Presenting CP Daily, Carbon Pulse’s free newsletter. It’s a daily summary of our top news plus bite-sized updates from around the world. Subscribe here

 

OUR TOP NEWS:

DIALOGUE: What can China learn from its pilot carbon markets?

China has been operating pilot emissions trading schemes for two years to gain experience ahead of the 2016/2017 launch of the national carbon market. What are the main takeaways so far for Beijing as it designs what will eventually become the world’s biggest ETS?

 

80% of EU’s New Entrants Reserve still unclaimed, while unallocated EUAs rise

Around 80% of the EU’s New Entrants Reserve (NER) remains unclaimed nearly a third of the way into the current ETS trading phase, after nations allocated 21.7 million free EUAs to new or expanding installations over the past six months, the European Commission said Thursday.

 

EU carbon climbs to new 2.5-year high amid selling drought

European carbon prices continued their march upwards, extending recent 2.5-year highs as utility and speculator buying was met by a dearth of selling, traders said.

 

EU carbon price rise to pause but trade could remain “choppy” -SocGen

EU carbon allowances are likely to take a breather soon following their recent rally to 2.5-year highs, though trading could remain volatile, French investment bank Societe Generale said Thursday, adding that it had left its price forecasts unchanged.

 

China’s Sinopec bags profit after $22.5 mln in carbon trades

Chinese state-owned oil and gas company Sinopec has traded nearly 3.9 million allowances in the Chinese pilot carbon markets so far, a company official said, roughly 10% of the volumes that have traded on the seven exchanges and OTC so far.

 

SSE slashes coal power by 77% in Q2 2015

Scotland-headquartered utility SSE plc slashed its coal-fired power output by 77% in the second quarter compared to a year ago, while increasing its renewables and gas- and oil-based generation.

 

COMMENT: Going, going, gone – timeline of the World Bank’s first reverse CER auction

Private investors bought price guarantees for 8.7 million tons of methane emission reduction in an innovative auction, attracting bidders form across the globe, writes World Bank Carbon Finance Specialist Scott Cantor.

 

Bite-sized updates from around the world:

Foundation floats interstate compact to fight Clean Power Plan – The Texas Public Policy Foundation (TPPF) yesterday unveiled a potential interstate compact aimed at U.S. EPA’s proposed Clean Power Plan, which seeks to reduce carbon dioxide emissions from existing power plants. (EnergyWire)

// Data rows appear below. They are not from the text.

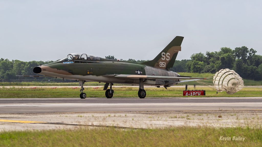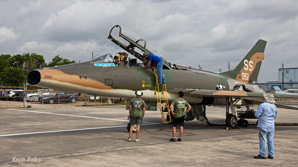 Following its return to the air, the F-100F joined a Memorial Day commemoration at the Lone Star Flight Museum, flying in the pattern. The static display included the AD-4NA Skyraider, a Polish-built MiG-17bis, the Collings Foundation’s F-4D Phantom II, T-33 Shooting Star, TA-4F Skyhawk, and Jerod Flohr’s Skyhawk 518. According to museum personnel, the Super Sabre performed flawlessly throughout the flight, with no major issues reported.
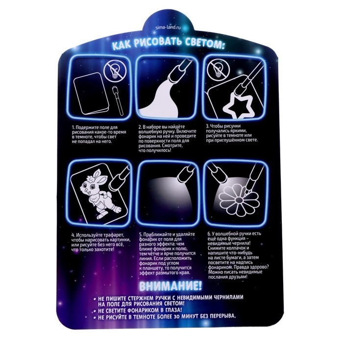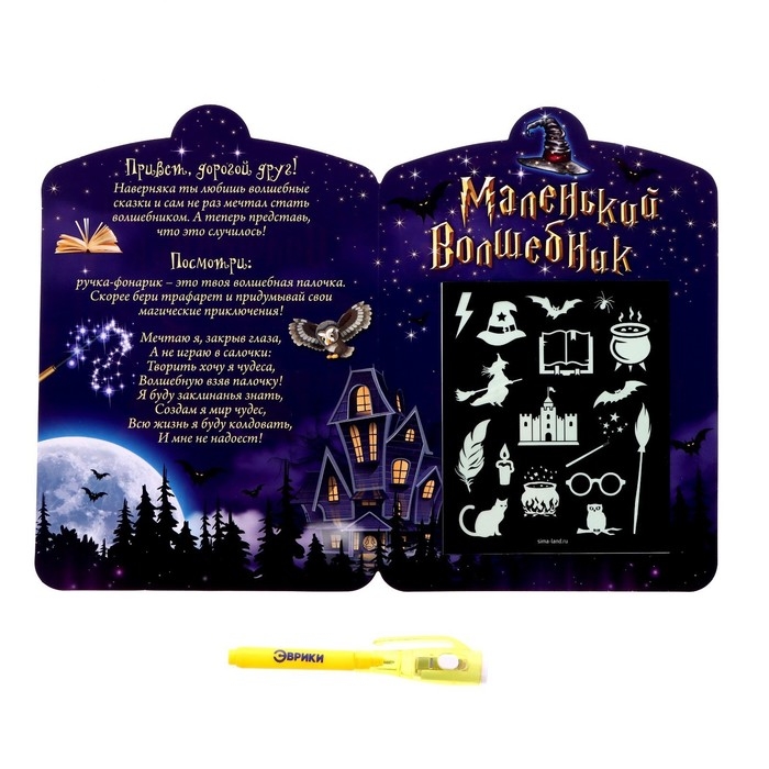 Набор для рисования светом «Маленький волшебник», ручка с фонариком и невидимыми чернилами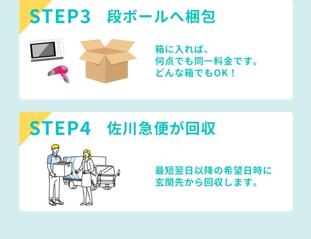 ★ 箱にどれだけ入れても1箱2380円(税込)!ご希望の日時に合わせてご自宅から宅配便で回収します。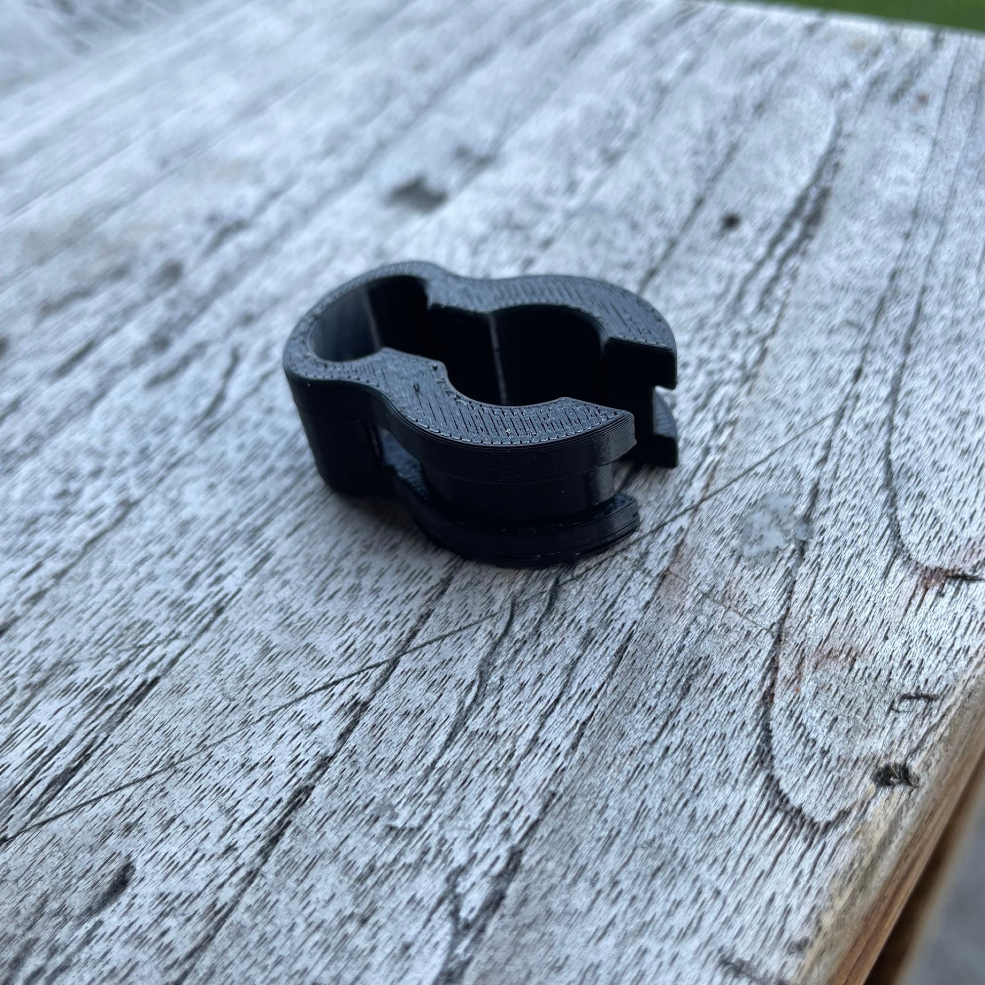 Daher habe ich diese Kabelklammern entwickelt - mit einem Montagearm der sicher und fest an der Geberstange befestigt werden kann und einem Kanal, in dem die Geberkabel dennoch ohne geknickt oder gequetscht zu werden, laufen können.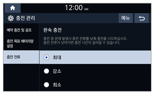 충전을 예약하거나 관련 옵션을 설정할 수 있습니다.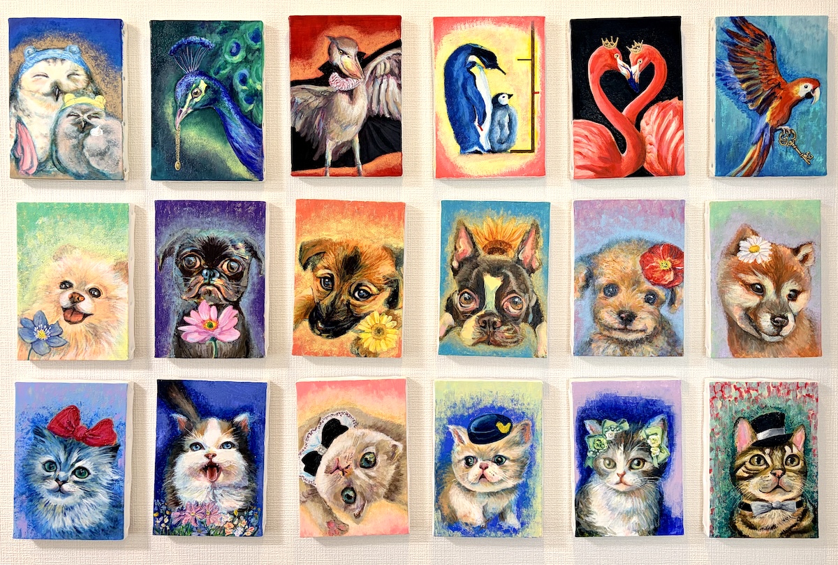 テクスチャーアートで描いた犬や猫の小さな原画シリーズ「Little Companions」作品一覧
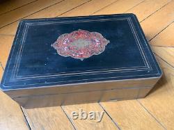 Black lacquered wooden box, signed TAHAN, with brass inlays, from the 19th century, Napoleon III era. Marquetry on the top of the box. Signature TAHAN, PARIS, rue de la Paix (on the brass of the lock). The front of the box can tilt. The box is in good condition, with signs of wear. No significant accidents or missing parts.
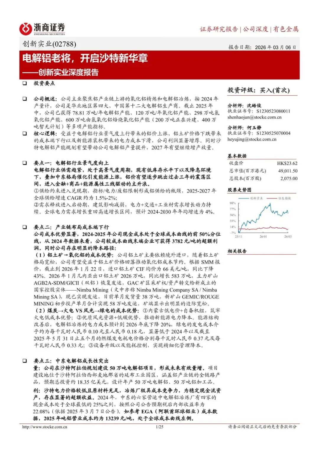 回复暗号:创新实业(02788.HK)深度报告:电解铝老将,开启沙特新华章-260306-浙商证券-25页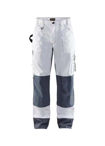 Skønne håndværker bukser med god pasform og uden sømlommer. Buksen kan benyttes til forskellige typer af arbejde. knælommerne i Cordura®. To baglommer med læg. Hammerholder og mejsellomme. Forstærket tommestoklomme med blyantlomme og knivholder.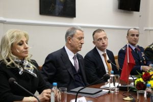 وزير الدفاع التركي خلوصي آكار خلال اجتماعات الناتو
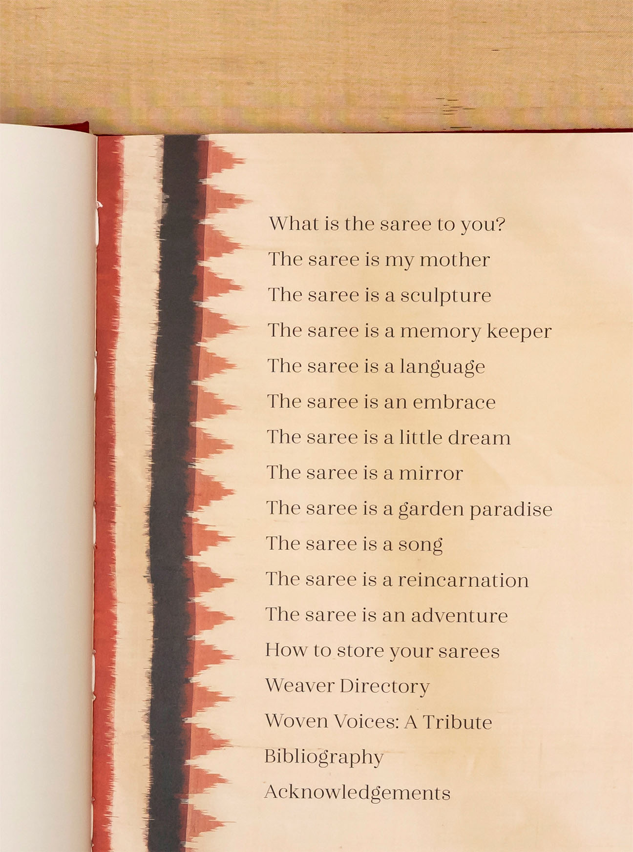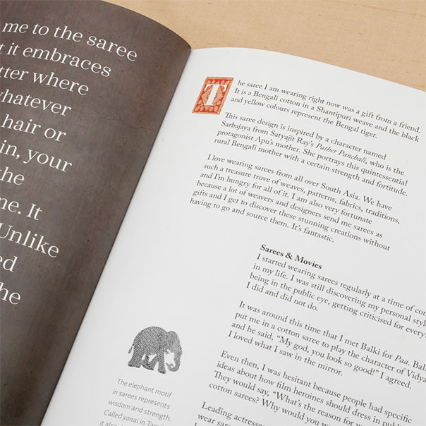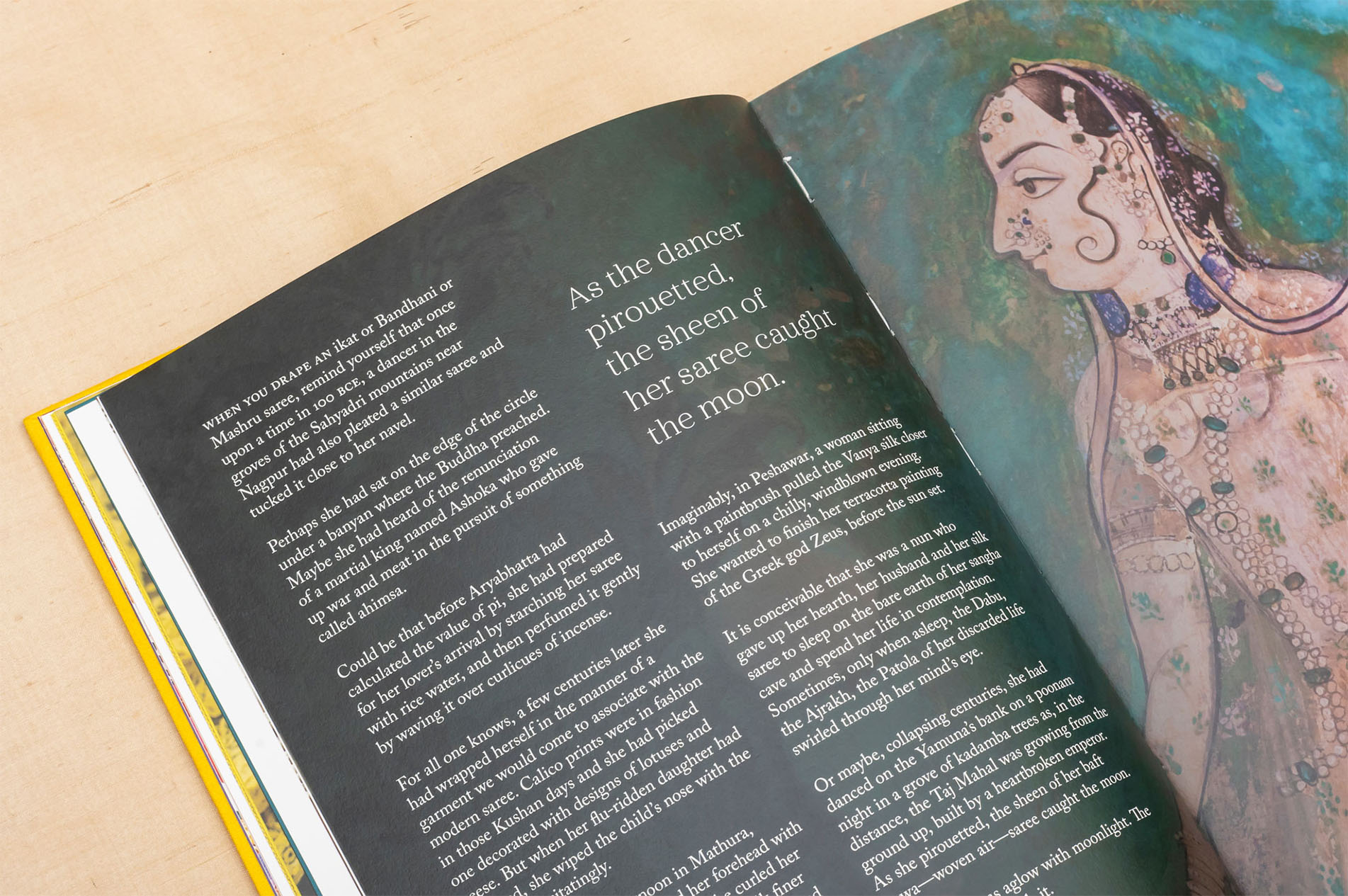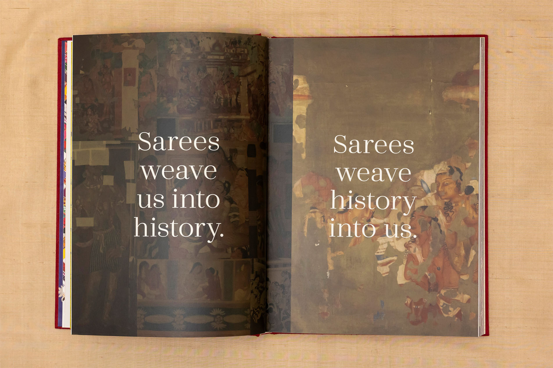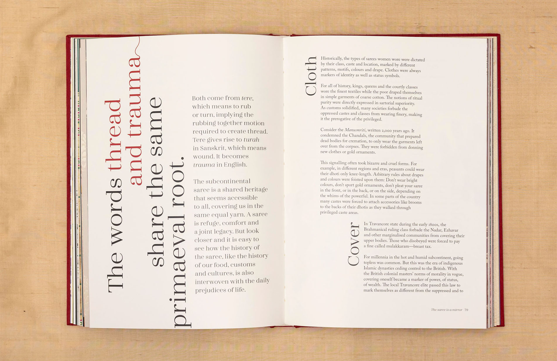 Over seven thousand years old and enmeshed with South Asia’s cultural history, the saree clothes at least half a billion people. The saree is iconic but also pervasive with thousands of books, films, talks, papers, reels and exhibitions about it. So we dove into the hundreds of pages of saree interviews to come up with a creative concept that would bring order and give shape to the book. Then we set down to researching, writing and designing the book.

Republicans call for further review of Obama climate rule – Key congressional Republicans say the Obama administration should conduct a “full interagency review” of a major carbon rule for power plants before the rule goes public this summer. (The Hill)

GOP Snubs Vatican Climate Summit – No Republican mayors accepted an invitation to a two-day meeting on global warming, which included remarks by the Pope. (US News)

Poll: Voters in 3 swing states back Pope Francis on climate change – Voters in Colorado, Iowa, and Virginia strongly support the pontiff’s message on global warming. (Bloomberg)

Labor embraces renewables at the cost of good climate policy – At this weekend’s ALP National Conference, Bill Shorten is likely to propose a target of 50% renewable electricity by 2030 as Labor’s central climate change policy. This proposal demonstrates in spades how poisonous climate change politics has trumped good policy in Australia, writes the Grattan Institute’s Tony Wood. (The Conversation)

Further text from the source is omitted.